Senhor Vicente é morador do assentamento Novo Oriente, estabelecido em 1984, no município de Açailândia, onde aproximadamente moram 60 famílias. Hoje ele tira seu sustento das poucas cabeças de gado que possui e da produção ilegal de carvão. “Nós desde que chegamos aqui não tivemos auxilio de financiamento para lavoura, que é da onde a maioria das famílias vive”.

Sobre a expansão da estrada de ferro de Carajás, embora já tenha homens da empresa Odebrecht trabalhando dentro da comunidade, ele diz nada saber sobre o projeto, “olha fizeram reunião, mas eu nem fui convidado, nem sei o que vai acontecer”.

Parceria
A diretora da escola do assentamento Novo Oriente, Maria de Jesus Serafina de Souza tenta, gritando, dar um recado aos professores que estão na manhã no dia 2 de junho em capacitação, mas sem conseguir ser entendida por causa do barulho do trem, aguarda até que a composição carregada de minério passe.
“Aqui é assim ou o professor grita aos alunos ou espera o trem passar, isso nos três períodos, manhã, tarde e noite”.

São 153 alunos que estudam na escola que ainda precisa de muitos reparos para atender os estudantes. “Pedimos uma parceria com a Odebrecht para fazer uma quadra ou cobrir o quintal da escola, mas o engenheiro da obra, o Alex, que anda pela comunidade disse que políticas púbicas não são com a empresa”, diz a diretora.

Já a Vale, em suas reuniões com a comunidade propôs uma parceria, “disseram que como estavam na comunidade aceitariam currículos para cargos de sinaleiro, para limpeza e ajudante de pedreiro, só serviços secundários”, comenta Maria de Jesus.

Persuasão
O senhor João Paulo está eufórico, anda de um lado para o outro no terreno de sua casa, que tem quase 30 hectares, “em meu quintal está o progresso”, diz sorridente.

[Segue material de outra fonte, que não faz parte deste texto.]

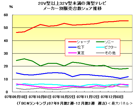 中でもシャープの成長ぶりは目覚しく、10月第1週(10月1日-8日)からぐんぐんシェアを伸ばし始め、9月第2週の46.4%から12月第3週では55.4%を記録した。年末・年始もさらにシェアを伸ばしそうな勢いだ。

Dono de um pequeno restaurante na comunidade teve seu terreno preterido pela Odebrecht, responsável pela obra de duplicação da ferrovia, para ser instalado o canteiro de obras, que inicialmente contará com cerca de 500 homens.

“Na negociação inicial que fiz com eles (Vale/Odebrecht) eu pedi quinze mil reais pelo aluguel de 3 hectares, onde vai ser construído o alojamento dos trabalhadores, mas eles disseram que só tinham condições de dar sete mil e trezentos”. Esse foi o valor fechado por 12 meses entre o senhor João Paulo e a empresa, mas foi ordenado pela Odebrecht que o dono do lote construísse uma nova casa e um novo restaurante para ele, pois a estrutura de sua atual moradia, casa apegada ao comércio, ficará, por determinação da empresa para hospedagem dos engenheiros, e a outra casa, também no lote, foi destinada para o escritório. “Não, todo esse gasto sai do meu bolso, todo gasto com a manutenção do local sai do meu bolso”.

Sem saber ao certo o quanto está gastando para reestruturar o local, mal consegue perceber que o valor pago pelas multinacionais não vai para ele, mas sim para administrar o local. “Ele virou um administrador da Odebrecht, não está ganhando nada com isso e quando tudo isso acabar ficará com uma estrutura desusada perante a capacidade de consumo da comunidade, já que ficará com dois restaurantes e três casas construídas, acho difícil ele alugá-las posteriormente”, reflete Divina Lopes, dirigente nacional do Movimento dos Trabalhadores Rurais Sem Terra (MST), que esteve em visita na comunidade.

Para a diretora do colégio, a Vale usa de sua persuasão contra a ingenuidade e desorganização da comunidade Novo Oriente, “O povo vem para as reuniões em busca de emprego, não vem para esclarecer sobre o projeto. O que está acontecendo é que a própria Vale já se encarrega de organizar os moradores ao seu modo, conforme seus interesses”, observa Maria de Jesus.